Lucca encarou-se novamente no espelho retrovisor do carro, ajeitando algumas áreas do cabelo que ele julgava “imperfeitas para o encontro”. Os fones embolados do iPod não o impediam de ouvir Arctic Monkeys no último volume, possibilitando que seu pai ouvisse ruídos saindo do objeto . Sr. Aroostook, por sua vez, mantinha os olhos fixos na estrada, acomodado com a música baixa do rádio. As falhas tentativas de conversar com o filho pararam quando ele percebeu que Lucca estava com a cabeça em outro mundo; o que acontecia com muita frequência, a bem da verdade.

Lucca sabia que não deveria estar ali. Só esperava que ela não soubesse. Ou que, ao menos, não se lembrasse. O fato era que nunca pudera competir. E isso não mudaria agora. Tentava lembrar a si mesmo que só estava ali para buscá-la. E entregá-la, novamente. Ele só estava ali para levá-la para a casa. E vê-la partir, novamente. Era algo normal a se fazer. Você fracassará. Como sempre.

Submergiu de seus devaneios quando o carro parou abruptamente, após passar por um objeto grande, cujo qual ele não sabia dizer exatamente o que era. O pai, Edmundo, fez um gesto com as mãos para que ele descesse.

Os dois as encontraram próximas da parte de embarcação; três delas acenaram, enquanto a menor corria por entre as pessoas, carregando a pequena mochila de rodinhas da Moranguinho atrás de si.

— Tio Ed, tio Ed. — ela se jogou nos braços do homem, animada, com os longos cabelos cacheados balançando de um lado para o outro, tão agitados quanto a pessoa a qual eles pertenciam. — Quanto tempo!

— Veja só como você cresceu, Nádia. — as palavras saíram abafadas pelo cabelo da criança. - Da última vez que te vi, você era pouco maior que o meu joelho.

— Que mentira, tio Ed… Você sabia que agora eu sou a maior da turma? Minhas amigas tem muita inve… — ela parou, e encarou o primo; como se tivesse percebido sua presença somente naquele momento. — Lucca! — ela gritou, soltando-se dos braços do tio e abraçando o rapaz.

— Cale a boca, Nádia. - Bianca pronunciou, próxima o suficiente para desferir um tapa na cabeça da irmã. - Você não está na sua casa.
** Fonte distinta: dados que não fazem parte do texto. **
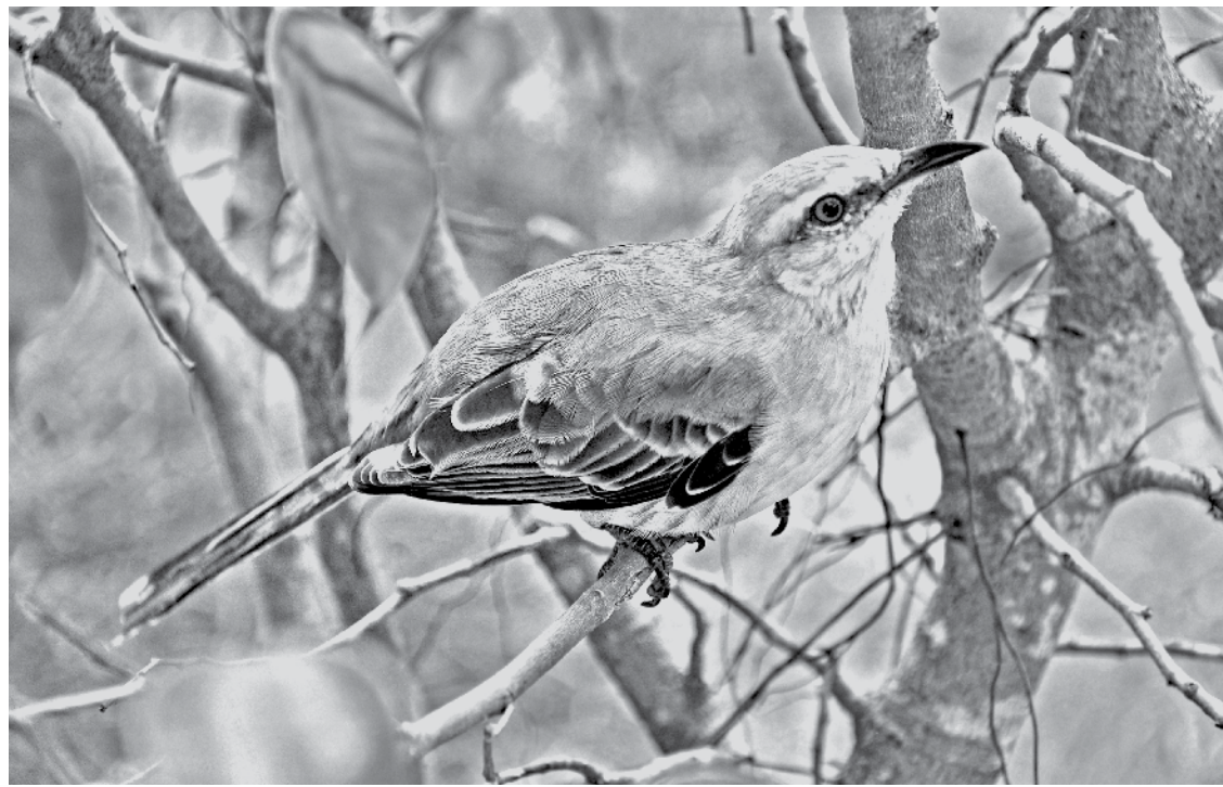
O equilíbrio na natureza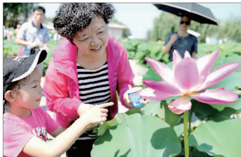
►华北明珠白洋淀景区,荷花盛开迎客来。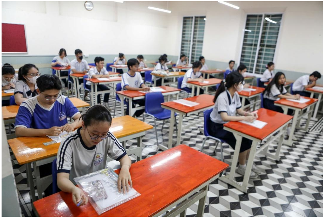
圖 5.參加 2025 年高中畢業考試的考生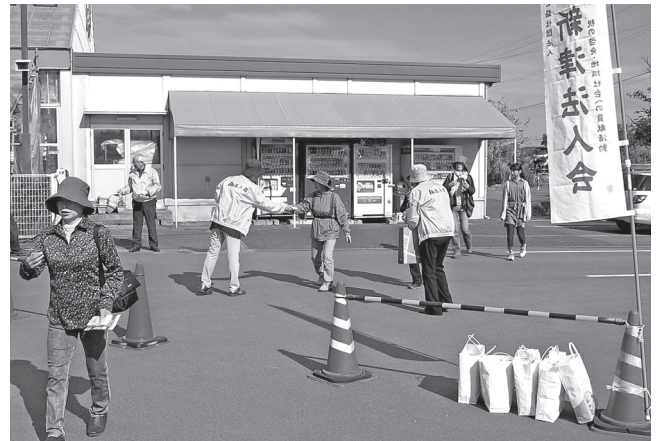
H28.10.15 産業祭でのポケットティッシュ配り

A criança, por sua vez, correu para próximo da mãe, que cumprimentava o irmão e o sobrinho. Mas, naquela medida, Lucca já não prestava mais atenção no que estava acontecendo; não prestou atenção no que acontecera com a Bianca por ter batido na criança, ou no que Nádia falava incessantemente. Uma pessoa, em especial, merecia sua total atenção. Ou era isso que seu cérebro demonstrava.

— Ah, querida! — Edmundo disse. — Sentimos tanto a sua falta nas férias do ano passado!
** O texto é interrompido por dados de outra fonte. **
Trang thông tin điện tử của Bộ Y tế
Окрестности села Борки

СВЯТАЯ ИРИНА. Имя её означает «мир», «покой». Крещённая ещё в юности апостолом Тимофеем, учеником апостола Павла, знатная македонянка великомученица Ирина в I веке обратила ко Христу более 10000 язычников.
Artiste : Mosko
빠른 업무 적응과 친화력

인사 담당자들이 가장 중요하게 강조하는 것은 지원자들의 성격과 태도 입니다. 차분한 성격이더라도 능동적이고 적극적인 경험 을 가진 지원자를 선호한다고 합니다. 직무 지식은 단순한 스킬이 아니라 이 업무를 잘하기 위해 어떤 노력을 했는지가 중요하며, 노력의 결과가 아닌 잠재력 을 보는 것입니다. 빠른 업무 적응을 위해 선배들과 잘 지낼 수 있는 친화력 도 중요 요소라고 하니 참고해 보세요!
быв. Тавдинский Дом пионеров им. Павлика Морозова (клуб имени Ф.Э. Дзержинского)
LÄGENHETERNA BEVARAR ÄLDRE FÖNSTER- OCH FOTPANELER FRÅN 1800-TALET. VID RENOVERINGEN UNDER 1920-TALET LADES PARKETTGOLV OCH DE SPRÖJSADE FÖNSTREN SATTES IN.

A garota que correra com seu moletom cinza até o homem continuava da mesma maneira que dois anos atrás. As ondas dos cabelos castanhos batiam na altura dos seios, não muito maior do que a última vez que a vira. Ainda não pudera ver seu rosto, mas sabia que estaria com os olhos castanhos brilhando, com algumas camadas de rímel, ou, talvez, um lápis de olho. Ela sempre usava essa maquiagem quando trajava moletom.

— Lu… - ela sorriu para o primo, apos desvencilhar-se do abraço do tio. Rímel e lápis. Bingo.

— Belly - retribuiu o sorriso, o que os dois sabiam que era um convite para um abraço. E foi isso que ela fez. Jogou-se nos braços do primo, igual nos tempos antigos. Tempos que ela fizera questão de estragar.





“Bem-vindos a Céu de Cristal.”

A placa de madeira anunciava, com as letras escritas em uma tinta que, antigamente, deveria ser algo próxima do dourado.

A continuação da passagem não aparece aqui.